Mokokchung, 22 June (MTNews): In a recent statement, Kuzholuzo Azo Nienu, a prominent leader of the Naga People’s Front (NPF), expressed his concerns regarding the Uniform Civil Code (UCC), emphasizing its potential threat to the communitarian tribal ethos and values.



The leader of NPF Legislature Party in his statement highlighted two crucial issues associated with the UCC: the rights and equality of citizens, as well as national integration. While acknowledging the importance of these issues, Nienu argued that attempting to enforce a uniform code across diverse communities in the country would be futile and counterproductive.


“It is a direct threat, for instance, to the fabric of a communitarian tribal ethos and values. To impose it on us is to dismiss our culture as primitive, uncivilized and inhuman and question our ability to find a solution from within to address human problems including rights and equality and to contribute to nation building at large,” he added.


Nienu further asserted that imposing the UCC would contradict the basic norms and presuppositions that formed the basis of the Indian constitution, such as diversity, unity, federalism, and secularism. He argued that such an imposition ignores the rich and complex historical background against which the constitution was written.


Nienu highlighted constitutional provisions like Article 371(A) and the Sixth Schedule, which were designed to protect and promote the customs, values, and practices of minorities, particularly tribal communities, providing them with a sense of identity, worth, belongingness, and purpose.


“One must not dishonor the existing constitutional guarantees through which modern India was built.
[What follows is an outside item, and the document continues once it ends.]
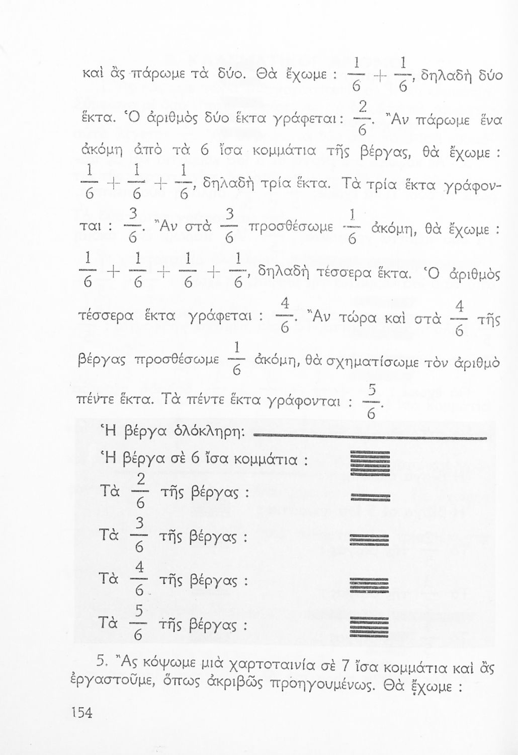 Σχολικό εγχειρίδιο Αριθμητικής Δ΄ Δημοτικού χωρισμένο σε πρακτικά προβλήματα και τις λύσεις τους που εστιάζει στις πράξεις με ακέραιους και συμμιγείς αριθμούς και περιλαμβάνει στοιχεία Γεωμετρίας.

The spirit of Indian nationalism or national integration cannot be achieved by questioning and insulting the wisdom and heritage of the minorities,” he cautioned.
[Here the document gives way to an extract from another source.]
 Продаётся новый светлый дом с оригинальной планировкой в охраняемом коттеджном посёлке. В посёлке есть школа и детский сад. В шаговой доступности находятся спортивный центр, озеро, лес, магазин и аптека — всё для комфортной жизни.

He further argued that “it is the issues and questions of personal matters” that constitute the heart and soul of modern democracy and liberty, for instance, religious freedom”.


Therefore, instead of trying to override matters that come under personal law, Nienu proposed that lawmakers provide a platform for diverse communities to showcase their cultural heritage and wisdom, fostering genuine interaction and cross-cultural learning. Such an initiative, according to him, would promote greater understanding, respect, peace, and unity, essential for building a strong Indian state.


Nienu also highlighted the significance of tribal wisdom in the country’s legislative framework, citing the origin of concepts like Local Area Development Fund (MLAs) and Local Area Development Scheme (MPs) in Naga tribal traditions.


“Even the concept of communitization of basic institutions like health and education that has merited national and international recognition comes from the communitarian ethos of the tribal Nagas – the care of one and all and not to leave anyone out in the pursuit of the good,” he added.


Till an appropriate time comes by, he said, he endorsed the suggestion made by the 21st Law Commission, which proposed preserving the diversity of personal laws while ensuring they do not contradict the fundamental rights guaranteed by the Indian Constitution. Nienu called for the codification of personal laws related to family matters to the greatest extent possible, with necessary amendments to rectify any inequalities that may have arisen.


“India must trust the diverse communities to find wisdom to address issues of human rights from within instead of coercing them from above. It is high time we do away with elements of hegemony and imperialism that only sow seeds of division and distrust,” he added.


As a legislator representing a tribal community in Nagaland, he vehemently opposed any threat, whether modern Western individualistic values or Indian majoritarian values, which he deemed incompatible and a threat to tribal communitarian ethos and values.